Restaurant information
- Established: 1916
- Location: 144 High Holborn, London, United Kingdom

= Minerva Café =

The Minerva Café was a vegetarian cafe founded by suffragettes at 144 High Holborn in London's Holborn district.

== History ==
The Minerva Café, named after the ancient Greek goddess of wisdom, was founded by the Women's Freedom League in June 1916, and serving as its headquarters. The president of the group was vegetarian Charlotte Despard. According to Nick Heath in Libcom, the cafe produced a "considerable" profit used to fund the Women's Freedom League activities.

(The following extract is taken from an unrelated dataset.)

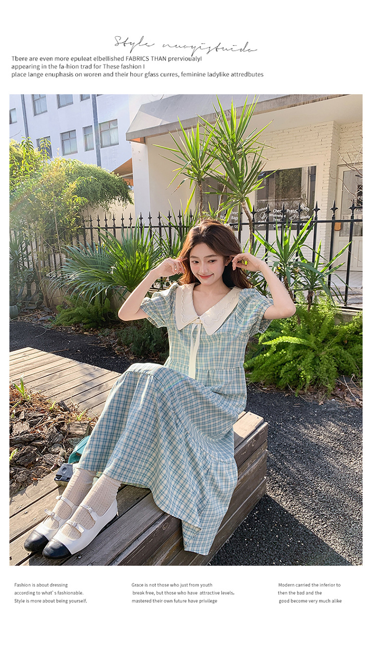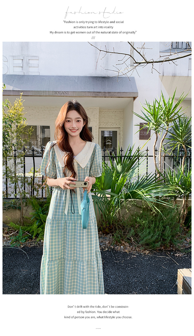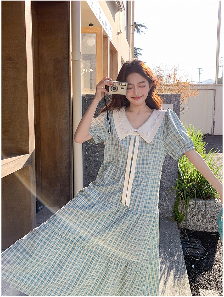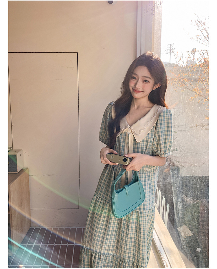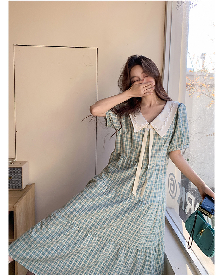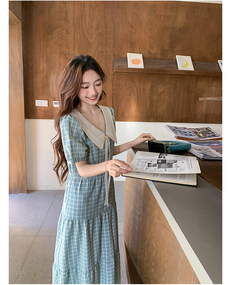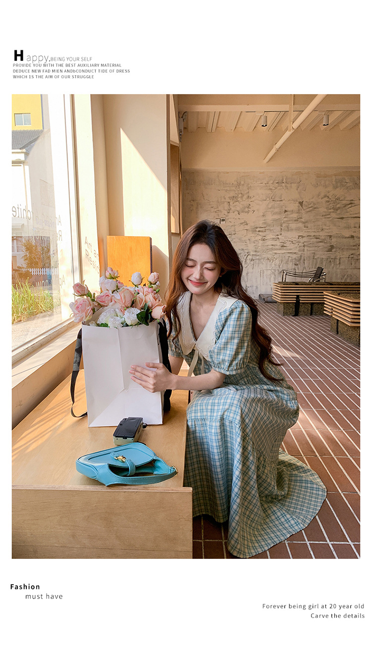리얼 샷 아카데미 스타일 체크 무늬 원피스 여자 중간 길이 2025 여름 새로운 프랑스 스타일 슬리밍 슈퍼 니스 롱 스커트스토어 가기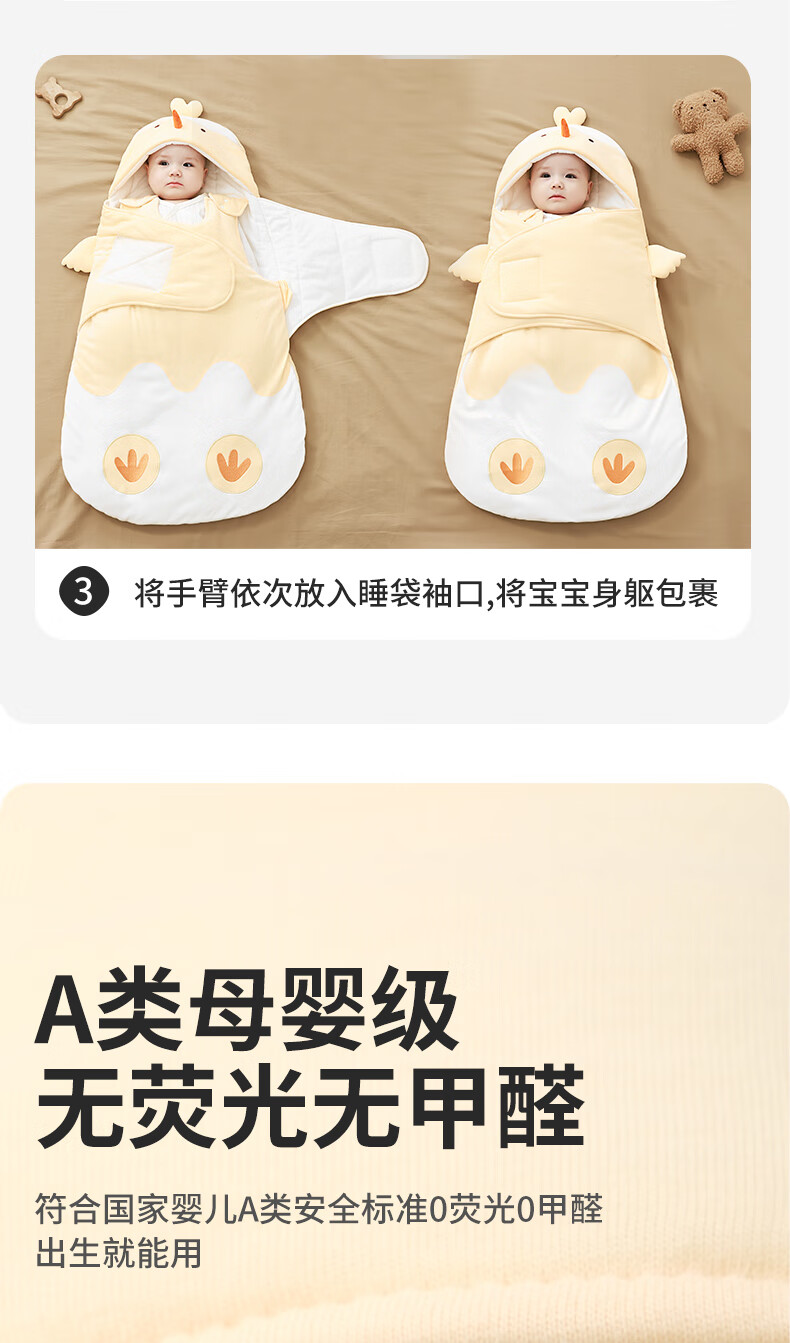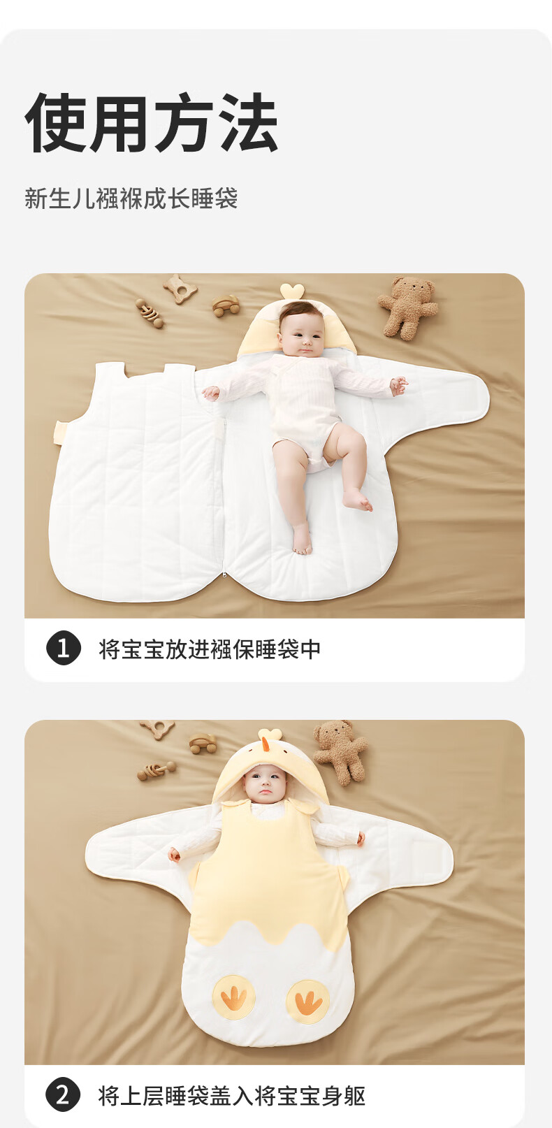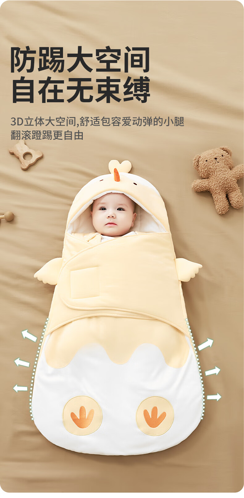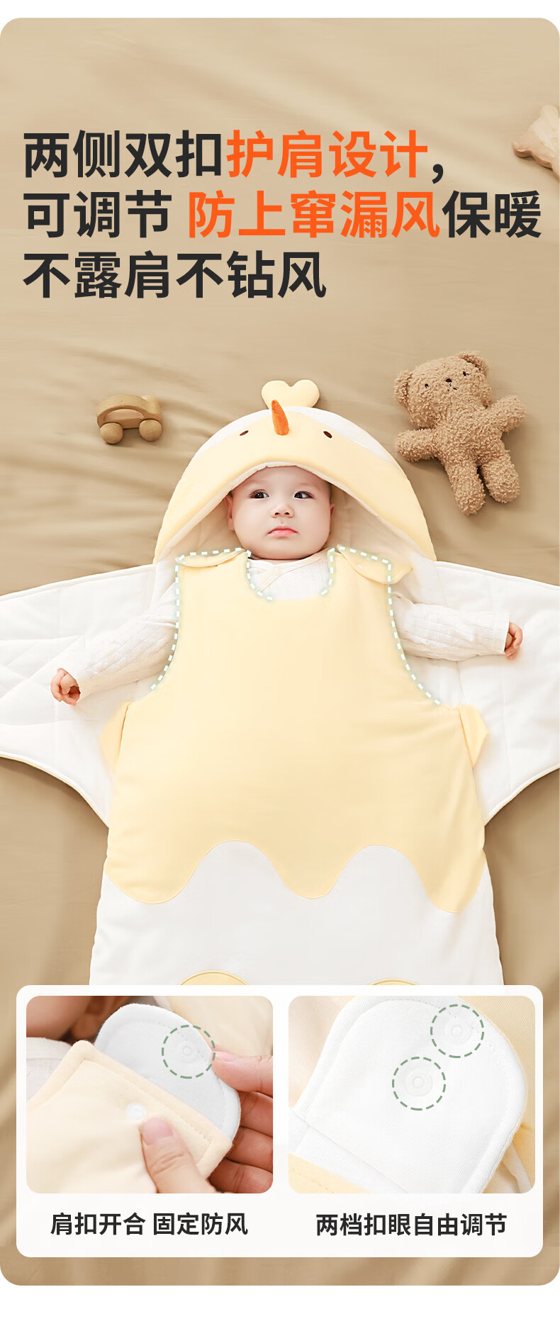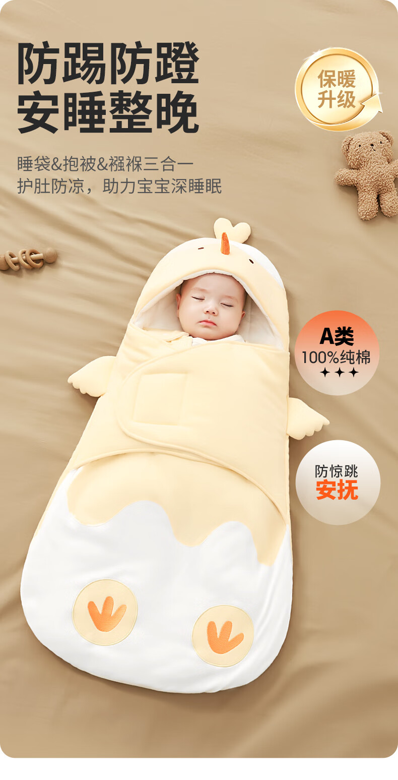 Dr. Colorful Baby Sleeping Bag Autumn and Winter Constant Temperature Cotton Baby Bag Anti-Cold Anti-Thickening Warm Newborn Anti-Jumping Quilt Egg Waffle Yellow

Anarchists, anti-war activists and socialists also met at the cafe. The British Socialist Party and the Communist Workers Party of Sylvia Pankhurst met there. Constance Markievicz spoke at the cafe in February 1923 at a meeting of the Irish Self-Determination League. The Australian writer Miles Franklin worked as a cook at the cafe.William C. Owen's Anarchist Discussion Group (connected to Freedom Press) met there 1922–1924.

In 1918, when the Representation of the People Act 1918 passed, the Minerva Café served a meal of vegetable soup, lentil cutlets, and rhubarb tarts.

Over a period of years, from the 1920s until at least 1938, Alice Green, secretary of the Emily Davison Club and her husband Basil Green were, with others, such as Charlotte Despard, Elizabeth Knight or Octavia Lewin, leaseholders of 144 High Holborn.